Good Riddance

Matthew G. Saroff
2 min readDec 22, 2023

Bird, the dockless electric scooter company that has been blocking sidewalks, and preventing people in wheelchairs from getting around, has filed for bankruptcy.

Good. They were a bunch of parasites whose whole business model was predicated on monetizing the public commons for their own personal profit:

Bird has filed for Chapter 11 bankruptcy, capping off a turbulent year for the electric scooter company.

In a press release today, Bird confirmed that it had entered into a “financial restructuring process aimed at strengthening its balance sheet,” with the company continuing to operate as normal in pursuit of “long-term, sustainable growth.”

Founded in 2017 by former Lyft and Uber executive Travis VanderZanden, Bird is one of numerous startups to introduce dockless micromobility platforms around the world, allowing city-dwellers to pay for short-term access to electric scooters or bikes. The company went public in late 2021 via a SPAC merger, but in a crowded market built on questionable economics, its stock went into a perennial nosedive, with its market cap dropping from more than $2 billion at its New York Stock Exchange (NYSE) debut to just $70 million 12 months later. This decline led the NYSE to issue a warning that Bird’s share price was too low.

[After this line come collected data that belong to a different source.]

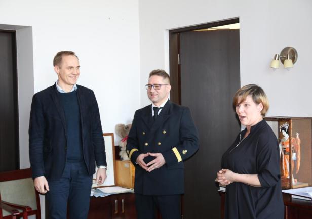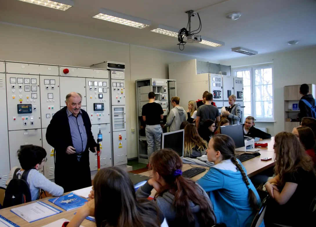 „Młodzi odkrywcy” odwiedzili również symulator elektrowni okrętowej w Katedrze Elektroenergetyki Okrętowej na Wydziale Elektrycznym. Inżynier Zenon Troka zapoznał ich z zasadami działania elektrowni okrętowej i pokazywał im silniki elektryczne sprzężone z prądnicami, które symulują pracę diesla. Punktem kulminacyjnym była wizyta w Sali Tradycji, gdzie uczniowie – dzięki prezentacji p. kustosz mgr Ewy Otremby - zapoznali się z historią oraz aktualnymi informacjami dotyczącymi funkcjonowania Uczelni. Żywo reagowali na relacje dotyczące Rejsu Niepodległości Daru Młodzieży, a część z nich wyraziła nawet zainteresowanie studiami w naszej Alma Mater w przyszłości.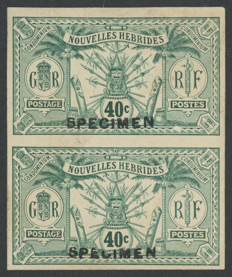 FRENCH: 1911 Idol & Weapons 40c imperf proof in blue-green on gummed unwatermarked paper vertical pair overprinted 'SPECIMEN' (defective overprint on the the lower unit), margins good to large, adhesion (presumably from an archival page) on the reverse. (Image1)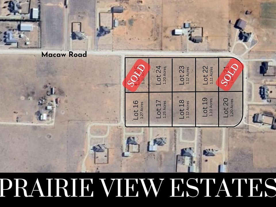 Build Your Dream Home in Prairie View Estates! Ten one+ acre lots available in this premier subdivision, a quick 20 minute drive from Lubbock but worlds apart- Minimum 1800 sq ft home- One large or two small animals per acre- Get your country on and enjoy life at a little slower pace...great place to put down some roots and savor the sunsets!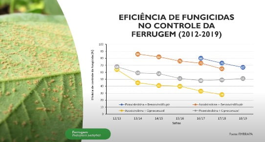 Em termos de controle de doença, há a diminuição da eficiência dos fungicidas ao longo das safras. Para alguns produtos, a eficácia de controle já vem caindo ano a ano. Ou seja, o fungo já está menos sensível aos efeitos destes produtos.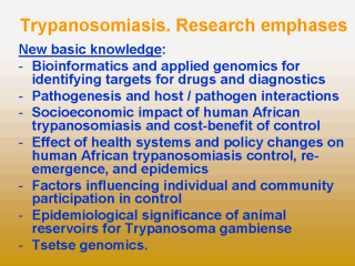 cure. New intervention methods: a) Clinical-epidemiologic significance of the direct and indirect agglutination test for the trypanosome. b) Evaluation of the short duration treatment with pentamidina, suramin and melarsoprol. c) Investigation on melarsoprol-resistance. New strategies: Sustainable and community based control on Tsetse fly. |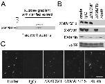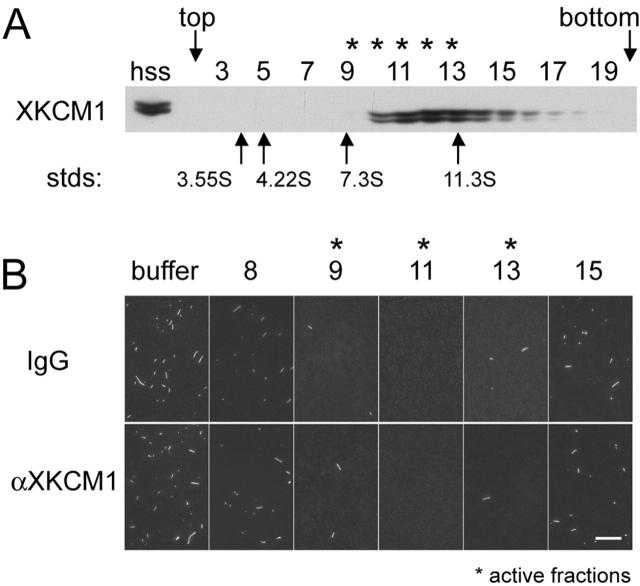 Figure 1. There is a CPP MT–depolymerizing activity in Xenopus egg extract independent of XKCM1. (A) XKCM1 overlaps with the peak of depolymerizing activity on sucrose gradients. 50 μl of clarified CSF extract was sedimented over a 5–20% sucrose gradient. Western blot of fractions showed that XKCM1 is present in fractions 10–18. CPP MT–depolymerizing activity peaked in fractions 9–14 (see B). Arrows below the blot indicate sedimentation values for protein standards run on a parallel gradient. Active fractions are labeled with asterisks. (B) Inhibition of XKCM1 did not inhibit depolymerizing activity in sucrose gradient fractions. Fractions from the sucrose gradient shown in A were assayed for depolymerizing activity, using rhodamine-labeled CPP MTs as described in the Materials and methods. Each fraction was assayed in the absence of ATP and in the presence of random IgG or inhibitory amounts of α-XKCM1 antibody and fixed after 10 min. XKCM1 depolymerizing activity is ATP dependent. As shown, neither the absence of ATP nor the presence of αXKCM1 antibody blocked the depolymerizing activity of active fractions. Active fractions are labeled with asterisks. Bar, 10 μm.

Things didn’t improve, and with its share price continuing to plummet, CEO VanderZanden departed in June with the company eventually delisted from the NYSE in September.

Let’s see, you had a business model where the basic product had safety issues (ever been nearly run down on a side walk?), few barriers to competitor entry, large ongoing maintenance costs, and they are having problems?

Hoocoodanode? Certainly not the plethora of venture capital firms that dropped about a billion before it went public, and then probably cashed in before the roof fell in.

I am sick and tired of the pump and dump VC Ponzi bullsh%$.